Anti-Pattern 3: Aggressive Retry on Non-Transient Errors
Problem: Retrying validation errors, auth errors, or malformed requests wastes resources.
Bad:
result = ValidateInput(input) with retry: 5
# If input is malformed, retrying won't help (will fail 5 times)
Good:
result = ValidateInput(input) with timeout: 1s
# Validation should be fast, no retry needed
Rule: Only retry transient errors (network, rate limits, timeouts). Don't retry permanent errors (validation, auth, not-found).
Implementation note: Constellation retries all errors. To avoid retrying permanent errors, ensure modules distinguish error types and raise non-retriable exceptions.
Anti-Pattern 4: Long Timeout Without Fallback
Problem: Users wait too long for failed operations.
Bad:
response = SlowAPI(input) with timeout: 120s, retry: 3
# User waits up to 8 minutes for a response!
Good:
response = SlowAPI(input) with
timeout: 30s,
retry: 2,
fallback: CachedResponse(input)
# User waits max 90s, gets cached response if failed
Rule: If timeout × retries > 60s, add fallback for graceful degradation.
Anti-Pattern 5: Caching Errors
Problem: Errors don't get cached, but you might expect them to.
Behavior:
result = FlakyAPI(input) with cache: 1h, retry: 0
# If FlakyAPI fails, error is raised (not cached)

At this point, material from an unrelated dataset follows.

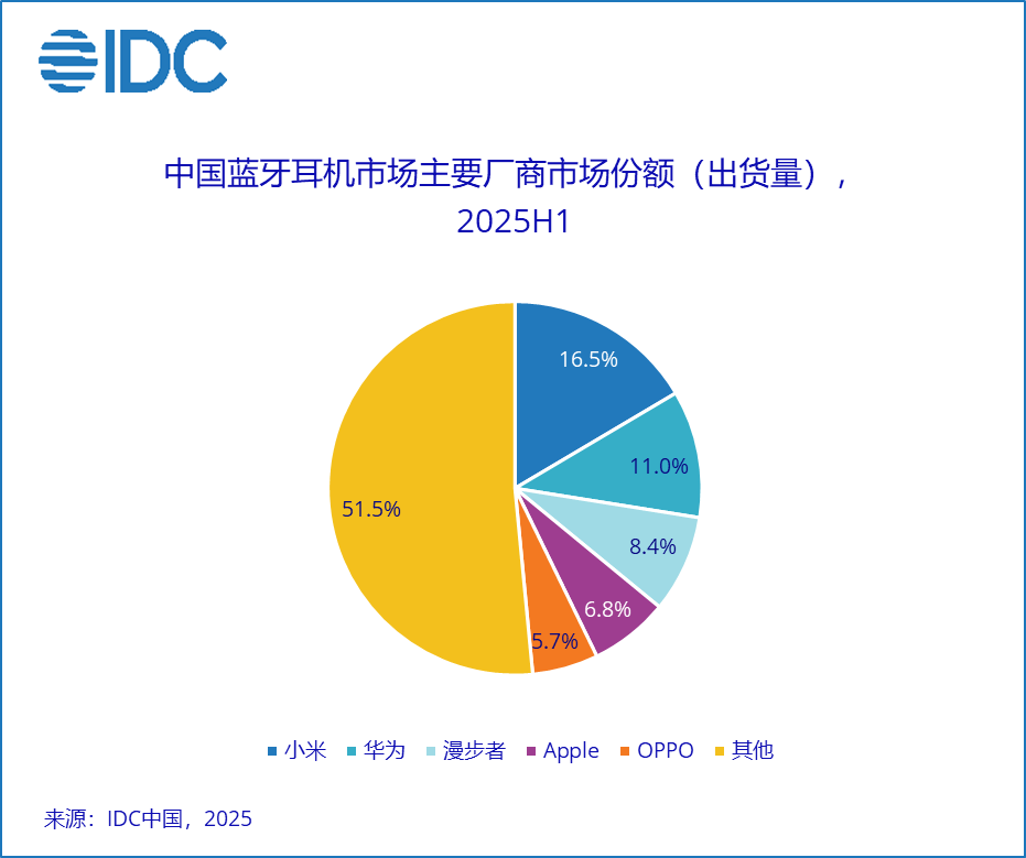 IDC:2025上半年蓝牙耳机市场出货量约5998万台 同比增长7.5%

# Next call with same input will try again (no cache)
Clarification:
- Only successful results are cached
- Errors are never cached
- This is correct behavior (caching errors would propagate failures)
If you want error caching:
result = FlakyAPI(input) with
cache: 1h,
fallback: { error: "Service unavailable" }
# Fallback value gets cached
Rule: Understand that cache only caches successful results.
Anti-Pattern 6: Insufficient Cache TTL
Problem: Cache expires too soon, defeating the purpose.
Bad:
embeddings = GenerateEmbeddings(text) with cache: 5min
# Embeddings are deterministic, why only 5min cache?
Good:
embeddings = GenerateEmbeddings(text) with cache: 7d
# Embeddings don't change, cache longer
Rule: Match TTL to data stability. Deterministic operations can cache for days.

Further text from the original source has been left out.